We are way passed the point of passing the blame onto someone else, it's been pretty much proven beyond any doubt to be a QNAP firmware/filesystem related issue.

Mario.
TonyPh12345
Been there, done that
Posts: 738
Joined: Tue Jul 13, 2010 11:53 pm

Re: QNAP firmware issues : Major file system bug

Post by TonyPh12345 »

By the way, the command is "dmesg," not "demsg."
tmt
Experience counts
Posts: 1006
Joined: Mon Nov 16, 2009 11:02 am

Re: QNAP firmware issues : Major file system bug

Post by tmt »

AdrianW wrote:I previously posted those details for my NAS here, but shortly after that the thread died.

I have 3.4.3 firmware on mine, but have had the same issue for at least the previous two releases.

For me the pause problem doesn't happen every time I copy data to the NAS, but still quite regularly. Usually it will happen when nothing has been copied to the NAS for a while (at least a few minutes) and the file being copied is quite large (say 100MB or larger). After the pause has ended and I've copied a file, I can usually initiate a few more copies without the pause. But then waiting a couple of minutes (sometimes as little as a few seconds) and starting another copy the pause will occur again.
In the post you reference, you indicate that you're copying the files by drag-and-drop with Windows Explorer. Correct? Do you see the pauses if you copy with other techniques (e.g. xcopy, robocopy, etc), and without any explorer windows open?

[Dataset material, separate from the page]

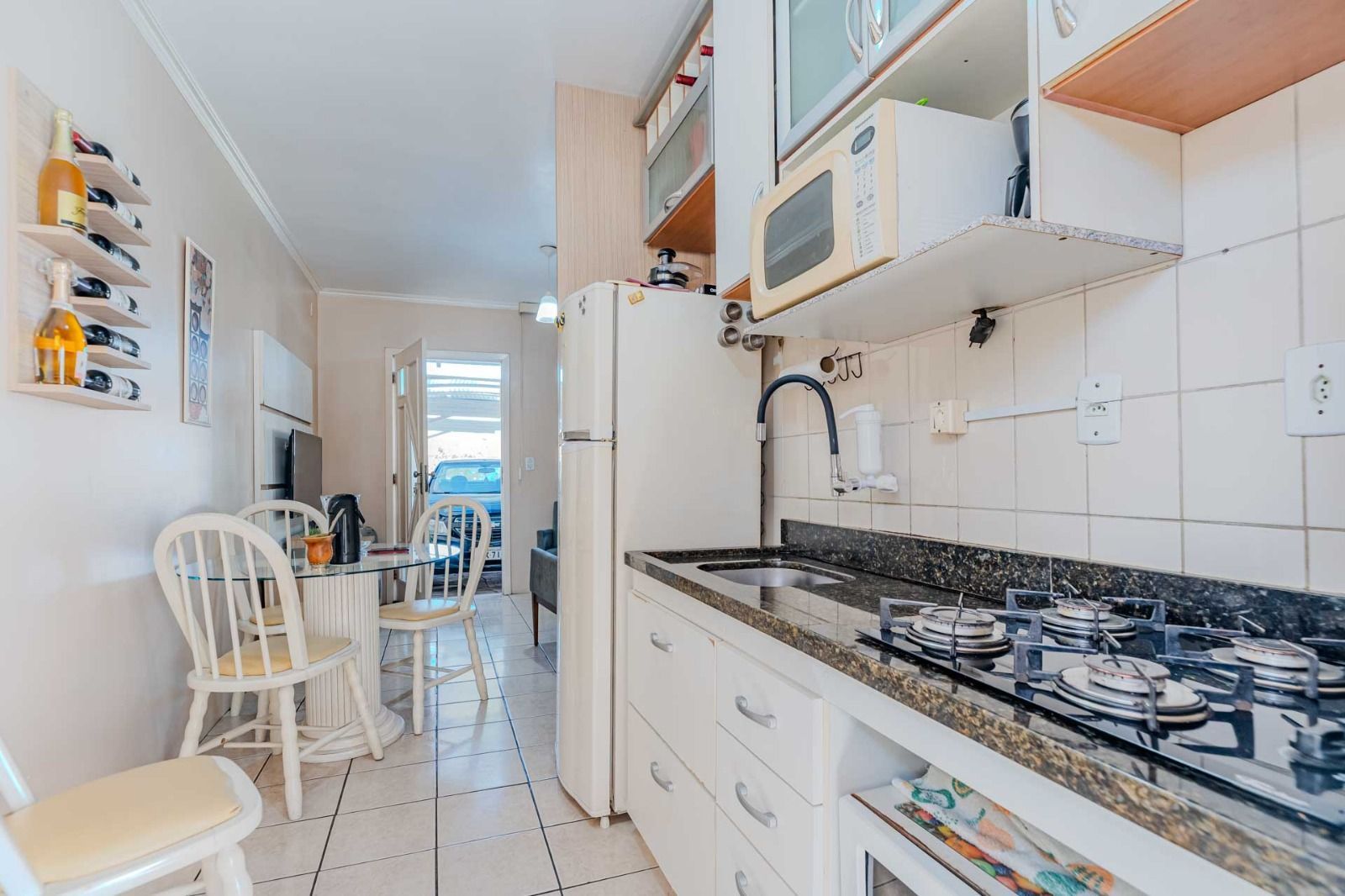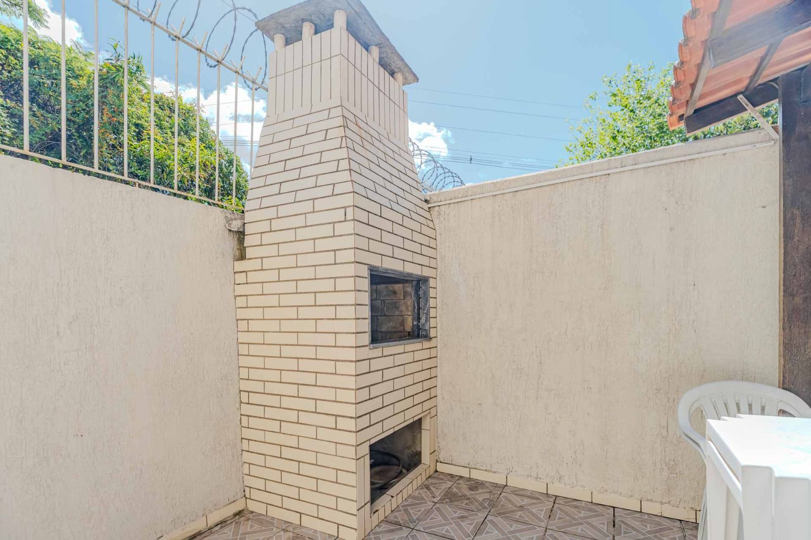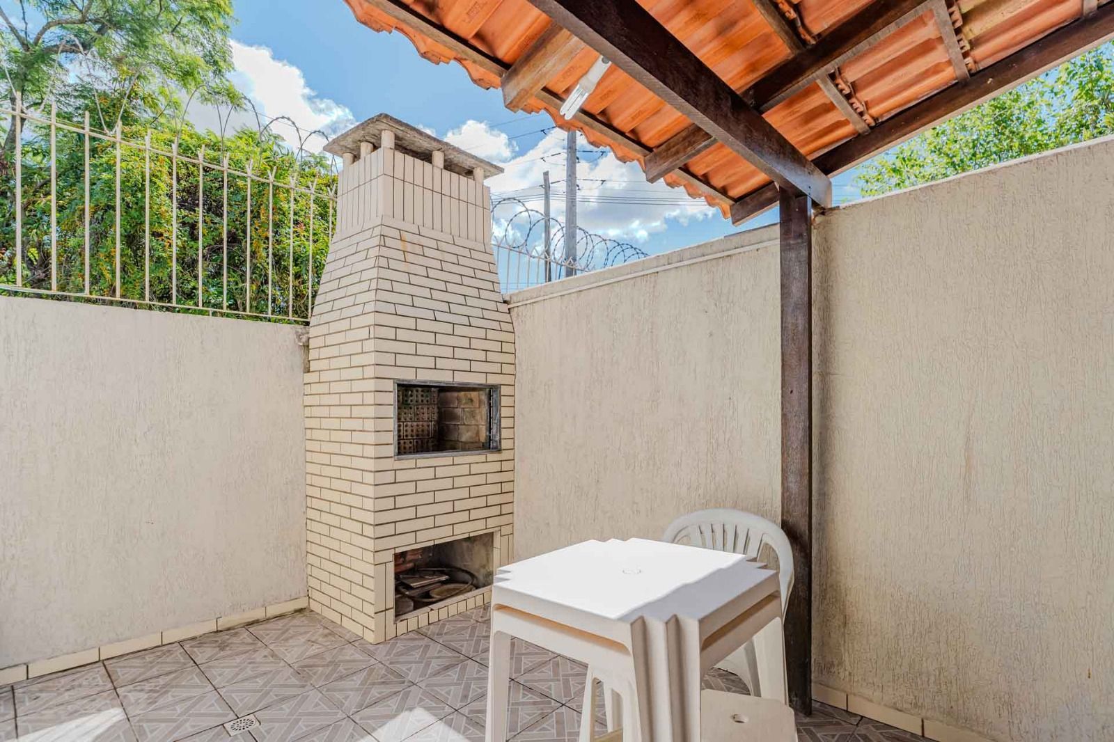 Composta de sala/cozinha , banheiro social, 2 dormitórios, pátio com churrasqueira + área de serviço coberta, sol da manhã.

The reason I ask is because Windows Explorer typically requests a change-notify on directories that it's viewing, so it can refresh promptly when the files change. There's a message sent from the server to Windows when the new file is created, and it might be causing some of this delay - especially if a large file is involved, requiring many buffer cache blocks to be flushed to disk at the server. Also, QNAP reportedly fixed a bug around rename related to change-notify, I wonder if there's more to it here.

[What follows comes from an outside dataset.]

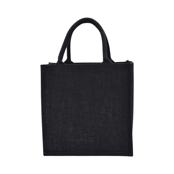 Durable jute bag with lamination, reusable and eco-friendly. Soft handles for comfortable carrying. Size: 30 × 30 × 15 cm.

One other question - have you tried disabling oplocks on the share in the QNAP admin gui? Oplocks have a similar callback behavior, and can cause pauses like this if they are not responded to.
SS-439, Ubuntu Server 12.04.3 LTS, EXT4, RAID10, 4xHitachi 5K1000
TS-112, 4.1.x Beta, EXT4, 1xHitachi 7K1000
AdrianW
Know my way around
Posts: 249
Joined: Thu Jul 10, 2008 6:17 pm

Re: QNAP firmware issues : Major file system bug

Post by AdrianW »

Thanks for helping tmt.

Yes, I do normally use drag and drop (it's the easiest method). I just now tried using xcopy, and managed to copy a number of files without any issues. I'll have to try a few more times over the next day or so, as the problem doesn't occur every time. But, you might be on to something there.

With oplocks, it looks like I have to disable them at each individual share level, correct? Is there any downsides to switching them off? For most of the shares I'm the only user with write permissions anyway. I'll have to give it a go to see what happens (maybe over the weekend).

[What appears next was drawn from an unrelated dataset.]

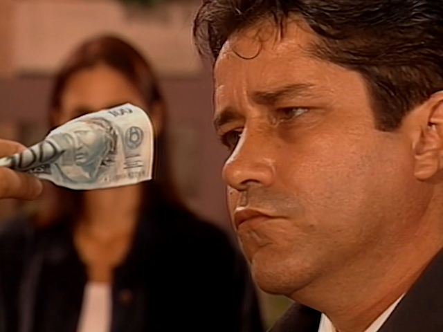 Cruzeirinho and Merreca disguise themselves as students. Paula tells Olga that she is not going back with Roberto. Mocotó sees Cachorrão's body. Hericles finds the money and shows it to Inspector França.

I guess I could switch to using ftp or maybe an alternative file manager (like FreeComander) - but just using windows is preferable.

I just remembered something though, I still use Microsoft Money 2000 which I have setup to backup it's database file to my Qnap when it exits - the file is around 30MB, and the last time I used it (without any explorer windows open), and I exited - it started backing up and caused the NAS to hang (it's pretty obvious when I get yelled at for stalling my wife's TV show). So, that's just programatically writing to the NAS not using explorer.

Also, I will sometimes copy a large batch of files to the NAS into one folder, and then take my time dragging and dropping files into their correct folders - moving files around on the NAS like this using Windows Explorer never creates a pause for me - it's only when writing a new file to the NAS.
TS-853 Pro; TS-859 Pro; TS-409
tmt
Experience counts
Posts: 1006
Joined: Mon Nov 16, 2009 11:02 am

Re: QNAP firmware issues : Major file system bug

Post by tmt »

Oh, if the entire NAS hangs, that's different. I thought just the one SMB session was hanging. In any case, these aren't really intended as fixes or even workarounds, just ways to gather more info. There's clearly an issue.

Do you think there might be a network problem? For example copying large files creates traffic which could possibly cause a lost connection in the face of other errors. The recovery from that takes many seconds, and if the ethernet is glitching, that would explain the streaming interruption too.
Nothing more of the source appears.